Nielson and Courtney both moved for attorney fees awards. In his motion, Nielson claimed he filed the partition action for the "common benefit" because proceeds from the sale would be split equally between him and Courtney. He asked the trial court to apportion the $22,000 in fees he sought entirely to her, claiming she "caused the[] costs to be incurred by . . . refus[ing] to cooperate in the sale of the property." He also urged the court to deny any recovery sought by Courtney because, in his view, her actions in the case only served to delay the property sale and thus were not for the common benefit.
Courtney had a different view. She claimed the actions she took in the partition action were not dilatory but were instead required because of the "deftly calculated . . . ambiguity" of Nielson's pleadings and his attorney's refusal to engage with hers. She requested that the trial court deny Nielson's fee request and instead order him to pay the entirety of the nearly $35,000 in fees she claimed to have incurred.
The trial court viewed Nielson and Courtney's attorney fee dispute a consequence of their "toxic relationship," one akin to "two scorpions in a bottle." Both parties alleged they were "content to conclude their relationship with [the] sale of the [Newbury Park] property" and a "50/50 split of the proceeds," but at the same time claimed the other's "unreasonable demands" prevented early resolution of the case. It was also "impossible" to determine which of the parties' attorneys refused to engage with the other. Ultimately, the court concluded that the presence of both attorneys was necessary-and thus for the common benefit of the parties-since Nielson and Courtney "would never have accomplished a partition sale by themselves." It awarded Nielson $16,750 and Courtney $19,800 in attorney fees and costs, with each award to be paid from the sale of the Newbury Park property before the distribution of any remaining proceeds.
DISCUSSION
Nielson contends the trial court erred when it: (1) declined his request to apportion his attorney fee and cost award to Courtney, and (2) awarded Courtney fees. We disagree.
"The costs of partition include . . . [¶] [reasonable attorney[] fees incurred or paid by a party for the common benefit." (Code Civ. Proc., § 874.010, subd. (a).) A trial court shall apportion these costs "among the parties in proportion to their interests[,] or make such other apportionment as may be equitable." (Code Civ. Proc., § 874.040.) We review a ruling based on such equitable considerations for abuse of discretion. (Lin v. Jeng (2012) 203 Cal.App.4th 1008, 1025.) We will not disturb it unless the appellant shows that the court "exceeded the bounds of reason, resulting in a miscarriage of justice" (ibid.), or that" 'there is no substantial evidence to support the . . . court's findings'" (Orien v. Lutz (2017) 16 Cal.App.5th 957, 966 (Orien)).

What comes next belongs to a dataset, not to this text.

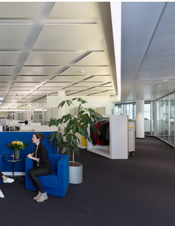
▶ Sicht auf die Redaktionen mit integriertem Newsroom.

die neue, identitätsstiftende Gebäudeentwicklung mit anschließendem Umzug ist bei einem gestarteten Change Prozess eine tatsächlich von jedem spürbare Veränderung.

Nielson made neither showing here. He first argues the trial court should have apportioned his attorney fee award entirely to Courtney, but he supports this argument with no legal analysis. "Whether legal or factual, no error warrants reversal unless the appellant can show injury from the error." (City of Santa Maria v. Adam (2012) 211 Cal.App.4th 266, 286.) "[T]o demonstrate error, an appellant must supply the reviewing court with some cogent argument supported by legal analysis." (Id. at pp. 286-287.) "[W]e may disregard conclusory arguments that are not supported by pertinent legal authority or fail to disclose the reasoning by which the appellant reached the conclusions [they] want[] us to adopt." (Id. at p. 287.)
Nielson's apportionment argument is little more than a list of conclusory assertions with no citations to legal authority. This is unacceptable. (ComputerXpress, Inc. v. Jackson (2001) 93 Cal.App.4th 993, 1011.) "One cannot simply say the [trial] court erred and leave it up to the appellate court to figure out why." (Niko v. Foreman (2006) 144 Cal.App.4th 344, 368.) It is not our duty to" 'act as counsel for [Nielson] . . . and furnish a legal argument as to how the trial court's rulings . . . constituted an abuse of discretion' [citation] or a mistake of law." (Ibid.)
Moreover, the trial court's apportionment decision was reasonable. The evidence showed that Nielson and Courtney had a "toxic" relationship and made "unreasonable" demands of each other throughout this litigation. Either one or both of their attorneys refused to engage with the other. Both sides' actions dragged out the case longer than necessary. Such needless actions support the trial court's equitable decision not to apportion Nielson's attorney fee award entirely to Courtney. There was no abuse of discretion. (See Orien, supra, 16 Cal.App.5th at p. 968 [detailing permissible ways a court may apportion fees in a partition action].)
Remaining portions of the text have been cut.